── DATA
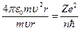 где е - заряд электрона, Zе - заряд ядра. Если (23) дополнить формулой (21) из первого постулата Бора, то можно определить радиус орбиты, скорость электрона на орбите, энергию электрона. Из (23) после сокращения на
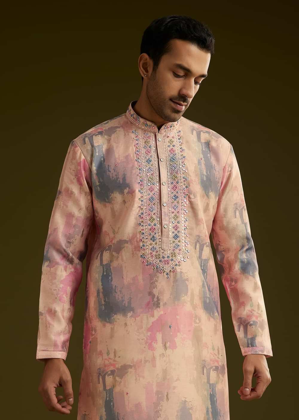This multicolored abstract printed silk kurta set is a bold and vibrant statement piece. Featuring a mandarin collar front button design and full sleeves it offers a contemporary yet traditional... More Product Details
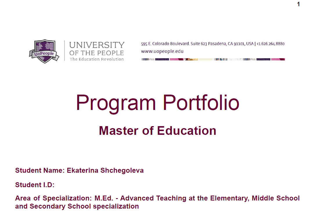 Welcome the UoPeople Master of Education Portfolio Template. As a Master of Education student, you are required to create a portfolio that you start in your very first class and submit near the end of the program. You’ll contribute a minimum of three artefacts to your portfolio in every class you take (although you can add more rows to save more if you wish). At the end of your portfolio, you will also complete a Philosophy of Teaching Statement. This allows you to save useful readings and reflect on previous work when you’re teaching so that you can continue to draw on what you learned.
────
# TASK OBJECTIVE
Starting with the line that contains "This multicolored abstract", reproduce every line down to the end of the listing above, both endpoints included. Pictures stay out.

# ANSWER
This multicolored abstract printed silk kurta set is a bold and vibrant statement piece. Featuring a mandarin collar front button design and full sleeves it offers a contemporary yet traditional... More Product Details
 Welcome the UoPeople Master of Education Portfolio Template. As a Master of Education student, you are required to create a portfolio that you start in your very first class and submit near the end of the program. You’ll contribute a minimum of three artefacts to your portfolio in every class you take (although you can add more rows to save more if you wish). At the end of your portfolio, you will also complete a Philosophy of Teaching Statement. This allows you to save useful readings and reflect on previous work when you’re teaching so that you can continue to draw on what you learned.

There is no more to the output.